Others objected to the way in which it was announced. Apparently, this is too much hype for something as minor as an entirely new TV show.

I really feel like people are looking for things to be negative about. If the rumours about Who being largely off air in 2016 are true, then ok, be cross about that. But bashing the new spinoff before the damn thing's even been made? Not cool.

Some tweets I saw:

"Maybe moffatt will include the defunct members of one direction to guest appear... i despair."

I assume this means that the tweeter feels that aiming the show at a young audience is beneath Who's dignity. EXCUSE ME? It may be screened across the watershed this week, but Doctor Who was conceived as a children's programme. Remember?

"only one thing will really attract me to this and that's if a certain school governor makes an appearance"

Yes, of course. Never mind the quality of the scripts - just make sure the nonagenarian William Russell totters down the lane for a cameo. That's what Doctor Who is all about. A guaranteed ratings winner.

"#TheBigAnnouncement would have been much cooler if it had been, "Phillip Hinchcliffe has agreed to become the new #DoctorWho producer.""

Facepalm. Yes of course - even better to hand over the whole show to a septuagenarian who hasn't worked in 15 years.
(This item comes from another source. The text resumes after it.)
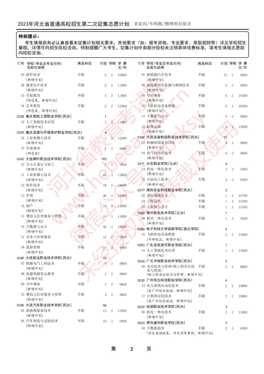 (专科批第二次征集)

"Class, ripoff of Buffy/Dark Season/Sarah Jane Adventures. So much for #DoctorWho #thebigannouncement Moffat, please bugger off now."

It hasn't been made yet! How do you know what it will rip off? Did you dismiss SJA because it would rip Buffy off?

Ready for the best one?

"I think I'm excited about this. #thebigannouncement  "
"I'm sad for you. #thebigannouncement 
#thehugedisappointment"

Slow hand clap. You can't even let other people enjoy the moment.

Poor Patrick Ness. He doesn't know what's going to hit him.